There are n glasses on the table, all standing upside down. In one move, you are allowed to turn over exactly n – 1 of them. Determine all values of n for which all the glasses can be turned up in the minimum number of moves.

There exists 2 cases, i.e, when the value of n is odd and when the value of n is even. If the value of n is odd, then there exists no solution.If the value of n is even, the problem can be solved in n moves, which is the minimum number of moves required.

**If n is odd :** As in one move,we are allowed to turn over exactly n – 1 of them.If n is odd then n – 1 i.e, the number of glasses turned over in one move, is even. Therefore, the parity of the number of glasses that are upside down will always remain odd, as it was in the initial position. Hence, the final position in which the number of upside down glasses is 0, which is even, cannot be reached.

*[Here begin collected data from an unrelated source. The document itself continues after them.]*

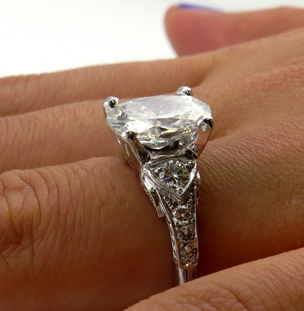4Ct Oval Cut Diamond Vintage Engagement Ring 14K White Gold Finish Round Accents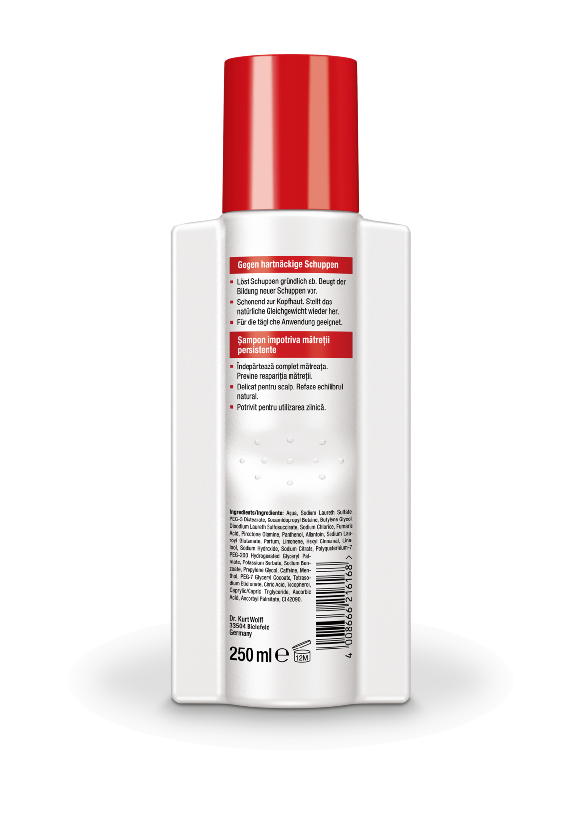 Două ingrediente active formează împreună un sistem fiabil de protecție împotriva mătreții: șamponul Alpecin Dandruff Killer calmează iritația scalpului, îndepărtează mătreața și previne reapariția acesteia.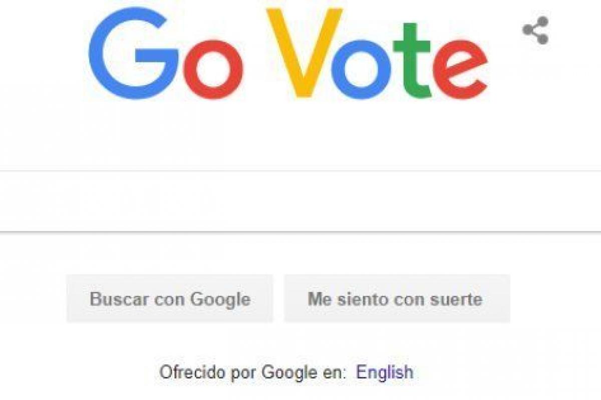 Google ha subido este martes en Estados Unidos un doodle (la imagen de su logotipo que preside la página de búsqueda) en el que se lee, en lugar de su nombre, la palabra "Go Vote", es decir, "ve a votar".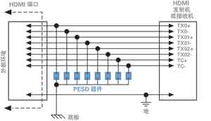 圖4帶有PESD器件的典型HDMI電路原理圖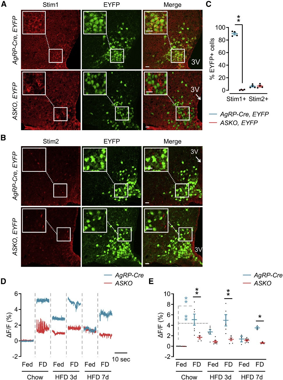 在本研究中,课题组首先通过小鼠第三脑室中枢给予SOCE抑制剂,发现抑制SOCE可缓解高脂食物饲养导致的小鼠体重过度增加。此外,Stim1(Stromal interacting molecule 1)是SOCE的关键组成分子,也是内质网钙离子浓度的感应分子。然后,将Cre重组酶诱导的rAAV-EF1a-DIO-GCaMP6m-WPRE-hGH-polyA(BrainVTA, Wuhan, China)病毒分别注射到AgRP-Cre小鼠和AgRP神经元Stim1敲除小鼠的下丘脑弓状核并进行活体钙成像实验,发现Stim1的缺失减弱了过夜禁食引起的AgRP神经元内钙离子浓度的增加(图2)。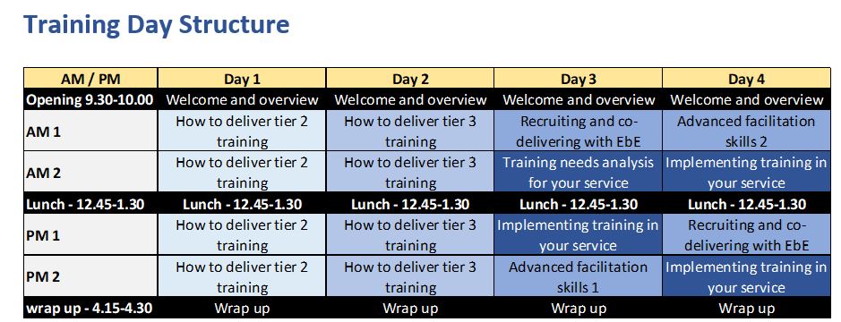 Participants will be required to attend 4 Training Days (training days 1, 2, 3 & 4) to complete the AATtT Training Programme, you must attend all 4 training days to gain certification of completion. To allow participants as much flexibility as possible, you will have the opportunity to chose from 7 different dates for each of the 4 training days (see below table).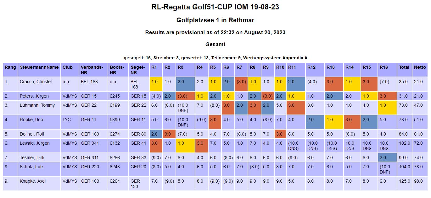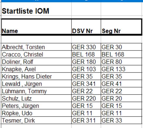 Hoffe nur das wir eine Saubere Ergebnisliste erhalten. Rumpfnummern bei IOM mit eingetragenem Besitzer bitte nicht vergessen. Hilft mir sehr bei der Auswertung.

**If n is even :** Let us assume that the glasses are numbered from 1 to n.If n is even, the problem can be solved by making the following move n times: turn over all the glasses except the ith glass, where i = 1, 2, . . . , n.

Here is an example of the algorithm’s application for n = 6. Let us denote the upside down glasses by 1’s and the others as 0’s. A glass that is not turned over on the next move is shown in bold.

If the value of i is 1, then turn over all the glasses except the 1st glass.

**1**11111 –> 100000

Similarly, If the value of i is 2, then turn over all the glasses except the 2nd glass.

1**0**0000 –> 001111

Similarly, If the value of i is 3, then turn over all the glasses except the 3rd glass.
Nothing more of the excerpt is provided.